_ACTIVITY_
Retype word for word the stretch of entries below from the line that has "Un instante de la Eucaristía." through the line that has "Asunnot toteutetaan laadukkaasti.", and omit the pictures.
---- INFORMATION
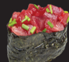
1011 (4) Sushi tartare thon
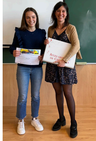
Guanyadors a la seu de Lleida, la UAB i Tarragona.
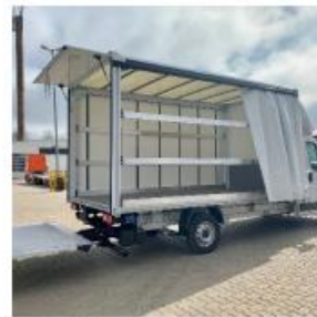
Schuifzeilen links en/of rechts
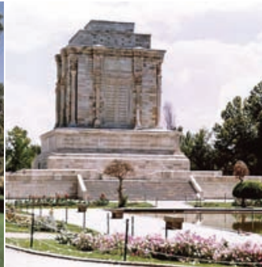
الف — مقبره فردوسی، توس، مشهد، آندره گدار
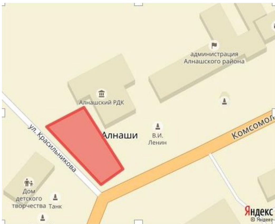
Место для нового мемориального комплекса
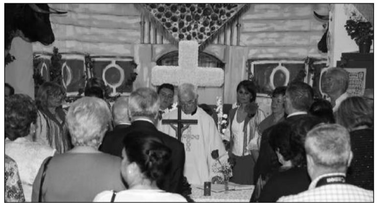
Un instante de la Eucaristía.
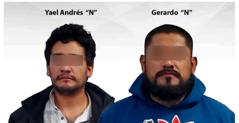
Se presumen inocentes, mientras no se declare su responsabilidad por autoridad judicial. Art. 13 CNPP

Italika tipo DM250, color naranja con negro, con permiso de circular del estado de Guerrero. En la audiencia de vinculación, el juez de la causa ordenó mantener a los dos imputados bajo la medida cautelar de prisión preventiva, al tiempo de fijar plazo de un mes para la investigación complementaria.
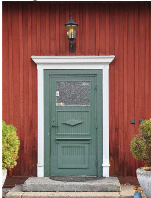
Entrédörr. Fotonr. Vlm_kmvFE-899
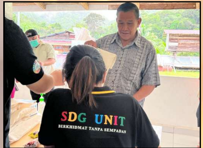
Sesi pemberian kit peserta.
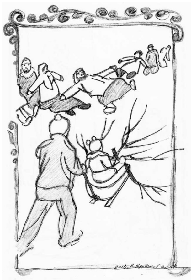
К стих. «Дуня – Илья-Муромец».
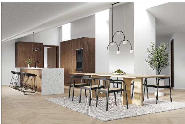
Asunnot toteutetaan laadukkaasti. Hissikin nousee huipulle asti.

sekä valtavirrasta poikkeavat tilaratkaisut.
--------
_WORKED SOLUTION_
Un instante de la Eucaristía.
Se presumen inocentes, mientras no se declare su responsabilidad por autoridad judicial. Art. 13 CNPP

Italika tipo DM250, color naranja con negro, con permiso de circular del estado de Guerrero. En la audiencia de vinculación, el juez de la causa ordenó mantener a los dos imputados bajo la medida cautelar de prisión preventiva, al tiempo de fijar plazo de un mes para la investigación complementaria.
Entrédörr. Fotonr. Vlm_kmvFE-899
Sesi pemberian kit peserta.
К стих. «Дуня – Илья-Муромец».
Asunnot toteutetaan laadukkaasti. Hissikin nousee huipulle asti.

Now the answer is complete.